BNN Bloomberg's mid-morning market update: Jan. 14, 2019
U.S. stocks could deliver big gains in 2019 if history is any guide, and some companies have more potential to outperform than others, according to Goldman Sachs Group Inc. (GS.N)
The S&P 500 typically rebounds after declining 20 per cent within a quarter, and historical precedents of policy concerns and late-cycle drawdowns show potential for major upside, Goldman strategists led by David Kostin wrote in a note dated Jan. 11. The U.S. benchmark came to the brink of a bear market late December before ending 2018 down 6.2 per cent after two years of gains.
Companies with high and stable gross margins would be one area to consider, as with strong pricing power may be better able to withstand rising input costs, the report said. Such firms would include National Instruments Corp., Waters Corp., VMWare Inc. and Idexx Laboratories Inc.

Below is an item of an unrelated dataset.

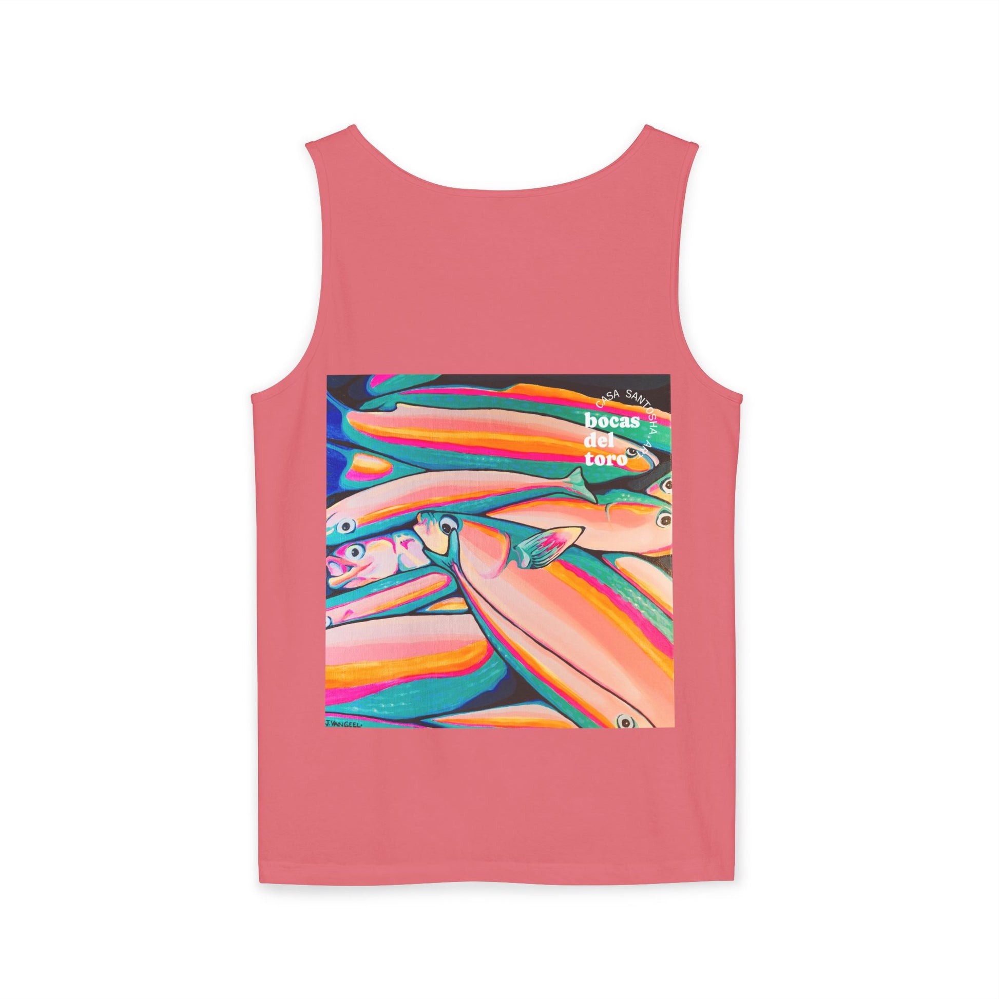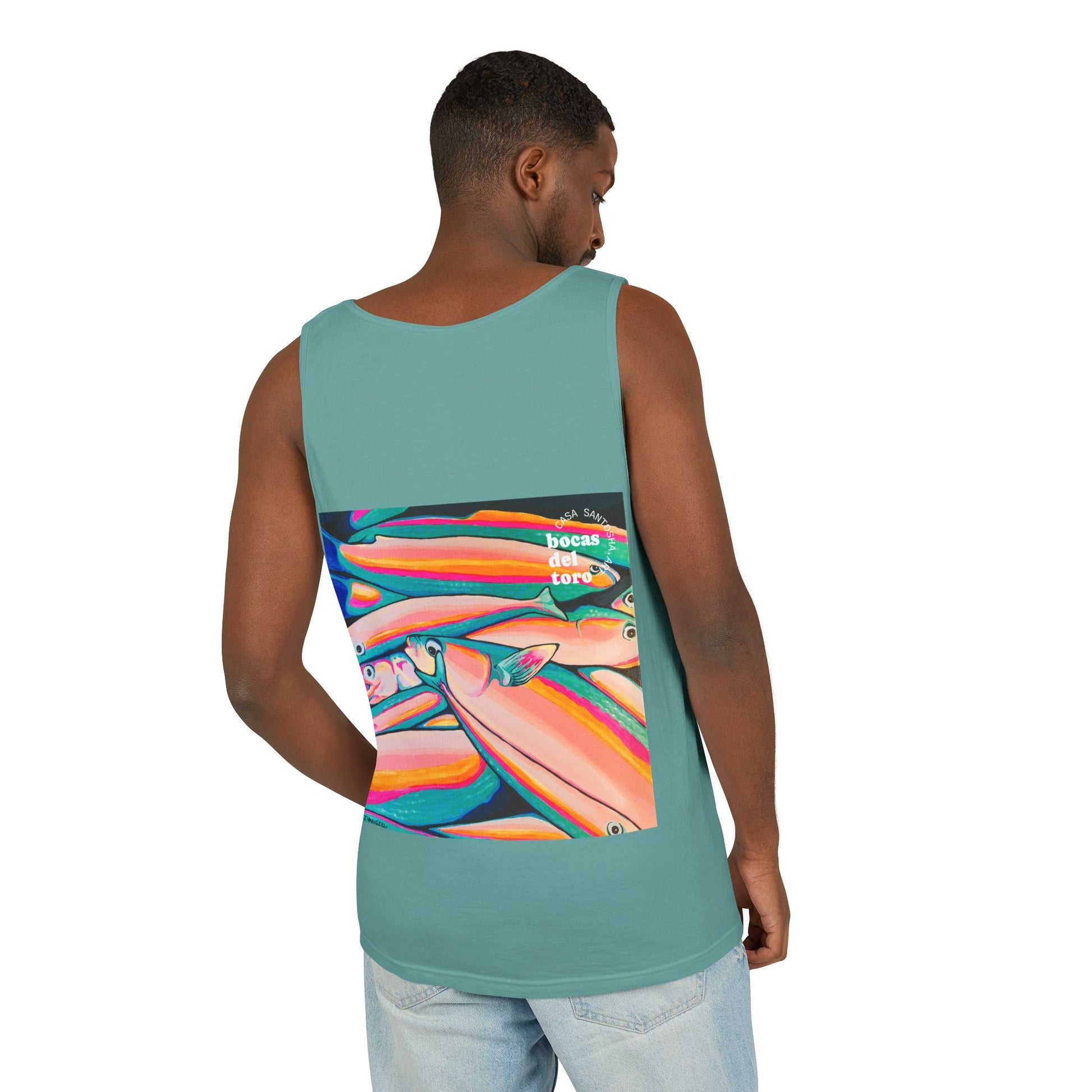 Unisex Neon Fish Tank Top - Perfect for Summer Vibes. This tank top exudes a fun and vibrant summer feel, perfect for casual outings or beach days. Ideal for those who enjoy bright, bold colors and want to stand out in the crowd. Perfect for summer parties, music festivals, and beach vacations.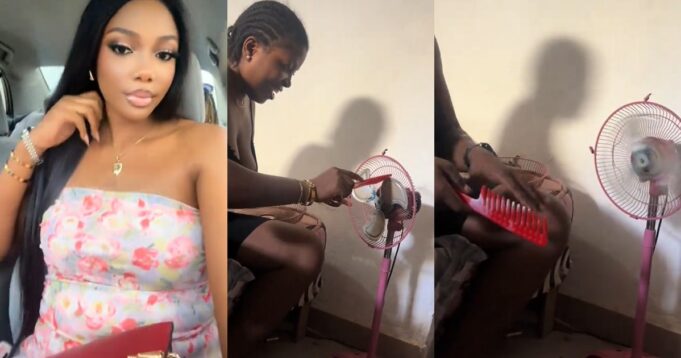 Her friend @tracey_casper captured her struggling to turn on the standing fan and continuously turning the fan’s blades with a hair comb in the video.

Stocks forecast to boost margins by 50 basis points annually would also be attractive, the reports said. It added that such firms are scarce due to late-cycle dynamics, but they would include Netflix Inc., TripAdvisor Inc., Expedia Group Inc. and Chipotle Mexican Grill Inc.
High-quality stocks would also be good, according to the strategists, who bestow that label on equities with a superior return on equity versus the S&P 500, low drawdown risk and strong balance sheets. Alphabet Inc., Comcast Corp., PepsiCo Inc., Halliburton Co., BlackRock Inc. and Wells Fargo Corp. are among companies making the cut in that list.
Goldman also noted that stocks exposed to U.S.-China trade have lagged, including Micron Technology Inc., Corning Inc. and MGM Resorts International.